The myth of the big bad drug companies
THE PHARMACEUTICAL industry is getting bad press. Recent books by Marcia Angell, the former editor of the New England Journal of Medicine, and Jerome Kassirer, another former editor of the journal, have harshly condemned the industry for recklessness, insensitivity and all-consuming greed. They gain sales by spicing up their titles with inflammatory phrases about “deception,” “complicity” and how drug companies “endanger your health.”
I take a different approach. I don’t defend every business decision made by the great pharmaceutical research houses. To the contrary, much recent commentary suggests that many such companies have committed themselves to a blockbuster-drug model -- in which a company’s success or failure depends on a few vital, high-selling drugs -- that may prove unsustainable over the long haul. If so, I believe that those firms should suffer the financial consequences of their mistaken business choices. Government bailouts are no more appropriate for Merck and Pfizer than they are for Chrysler or Ford.

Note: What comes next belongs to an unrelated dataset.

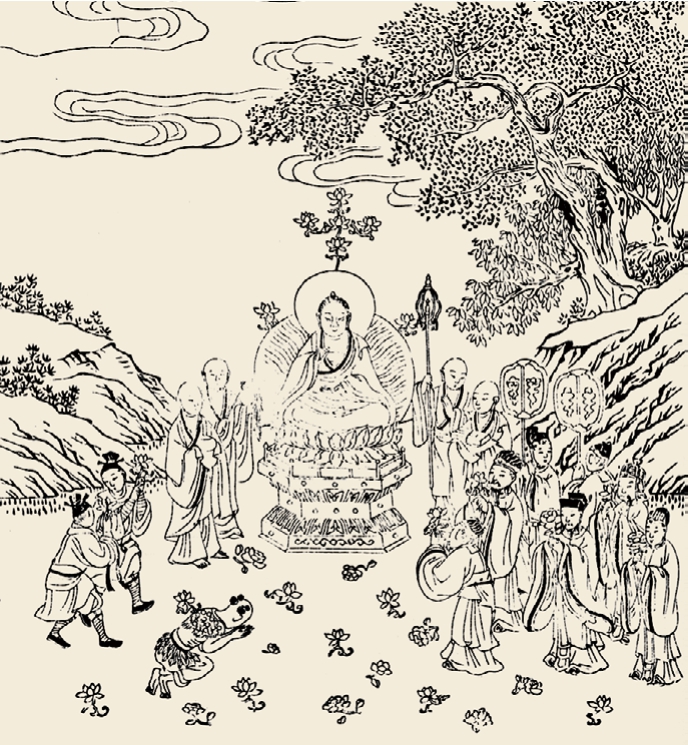且说善慧带着七茎莲花,来到普光佛所,“见灯照王已到佛前,最得在初供养礼拜。如是次第,至诸大臣,亦各礼敬,并散名花,花悉堕地。于时善慧与五百弟子,见诸人众供养毕已,谛观如来相好之容,又欲济拔诸苦众生,亦欲满足一切种智故,即散五茎,皆住空中,化成花台。后散二茎,亦止空中,夹佛两边。尔时国王及其眷属,一切臣民,天龙,夜叉,乾闼婆,阿修罗,迦楼罗,紧那罗,摩睺罗伽,人非人等,见此奇特,叹未曾有。于是普光如来,以无碍智,赞善慧言:‘善哉善哉,善男子,汝以是行,过无量阿僧祇劫,当得成佛,号释迦牟尼如来、应供、正遍知、明行足、善逝、世间解、无上士、调御丈夫、天人师、佛世尊。当于善慧受记之时,无量天龙,夜叉,乾闼婆,阿修罗,伽楼罗,紧那罗,摩睺罗伽,人非人等,散众妙花,满虚空中。”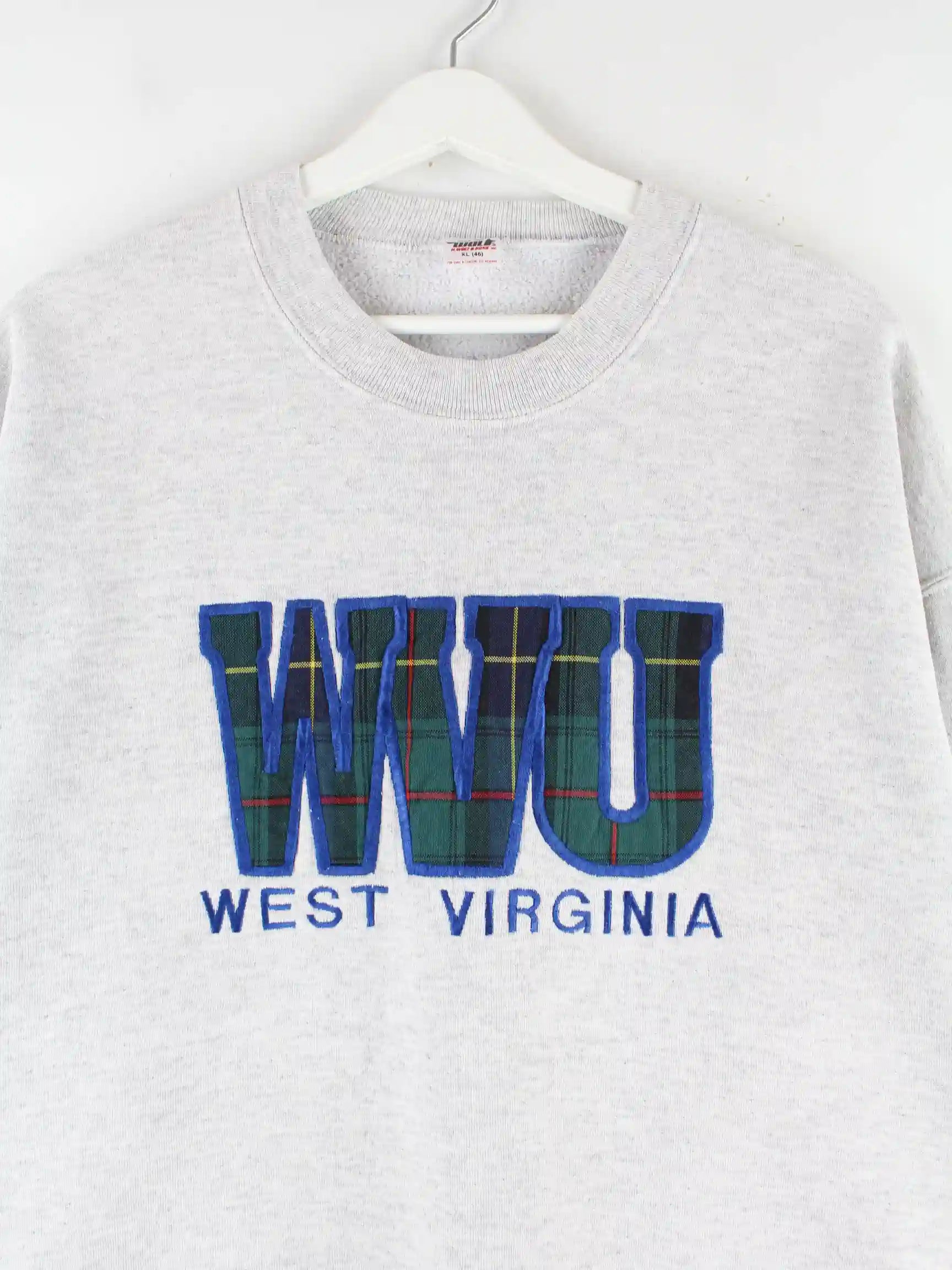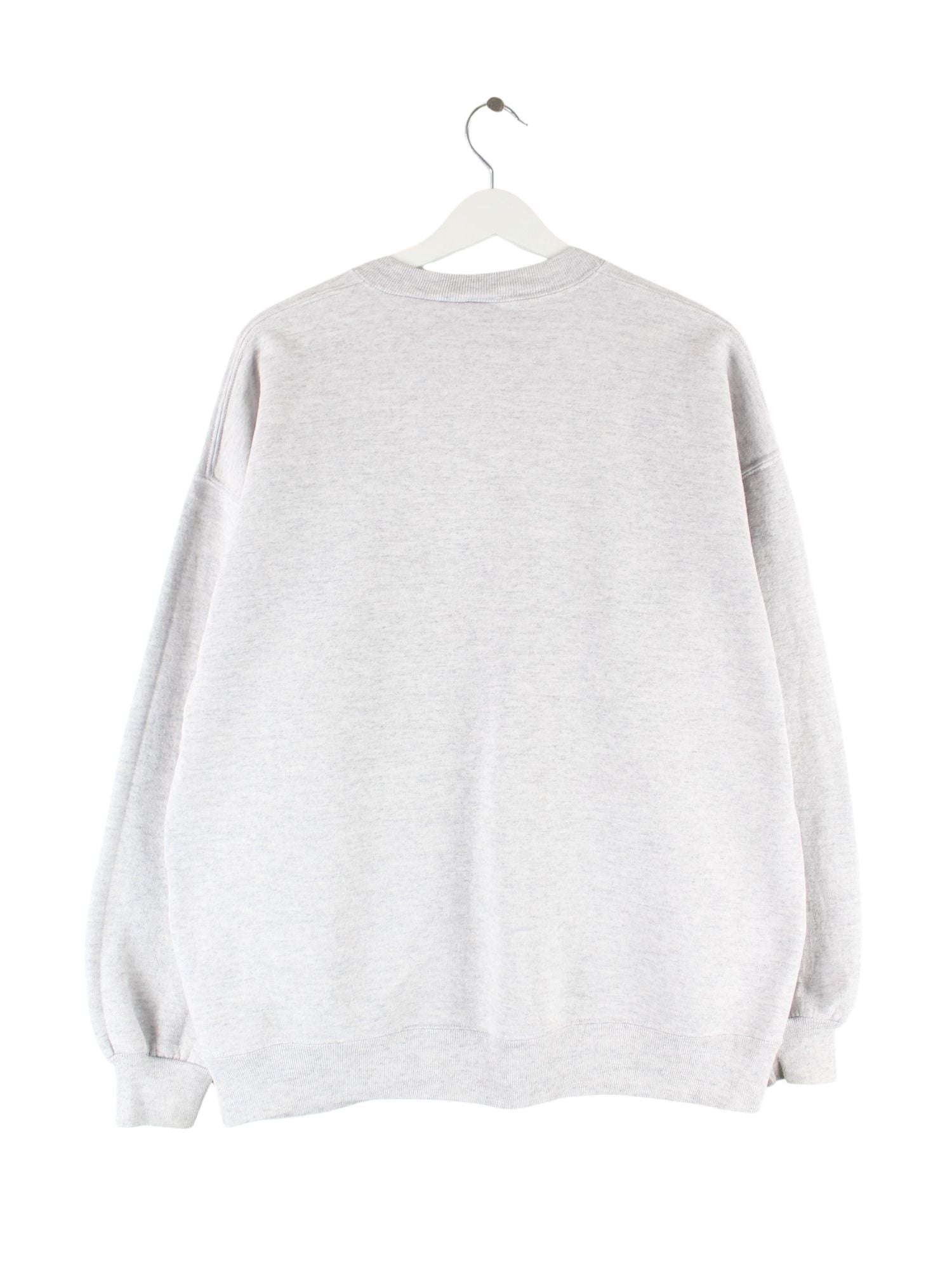 Vintage Sweater in Größe XL aus den 90'ern. Er ist aus einer Baumwollmischung hergestellt und in Grau bei uns vorrätig.

Nonetheless, critics like Angell and Kassirer are absolutely wrong to portray the nation’s big drug companies as heartless, avaricious behemoths that act in whatever manner they choose and always get their way. The truth is, the pharmaceutical industry is too heavily regulated. Its big problem today is not that it’s free to run roughshod over the needs of consumers, but that it operates in a hostile and excessive regulatory environment that frustrates sound business decision-making and keeps down pharmaceutical company share prices in the stock market.
Consider the following: Ever-tougher conflict-of-interest rules in the National Institutes of Health and such academic medical centers as the University of Pennsylvania, Stanford and Yale have reduced opportunities for fruitful collaboration between industry, government and universities. More stringent requirements for clinical drug trials -- including rules that demand larger test populations and more extensive documentation -- have reduced the flow of new drugs to market. (Between 1996 and 2000, the FDA averaged about 153 new drug approvals. Between 2001 and 2005, the number was down to 55, with only 15 in 2005 and 29 in 2004.)
In addition, the industry faces major liability risks. Consumer fraud legislation adopted in many states has generated massive, often eye-popping claims for refunds of the original purchase price -- in some cases even for drugs that have worked as promised or on the part of people who have not taken the drugs at all.
All these developments spell higher costs for the companies. Simultaneously, regulatory attacks on the industry’s pricing model, including recent proposals to have the government negotiate rates for all senior citizens covered under Medicare Part D, threaten its revenue stream. The pharmaceutical industry operates in a high-fixed-cost and low-margin environment. It costs, on average, more than a billion dollars to get the first pill to market. All subsequent pills, however, can be made and marketed for only a few additional dollars or cents. Of course, no user ever wants to pay the big bill for that first pill. Instead, each fervently hopes to pay as close to marginal cost for the subsequent pills.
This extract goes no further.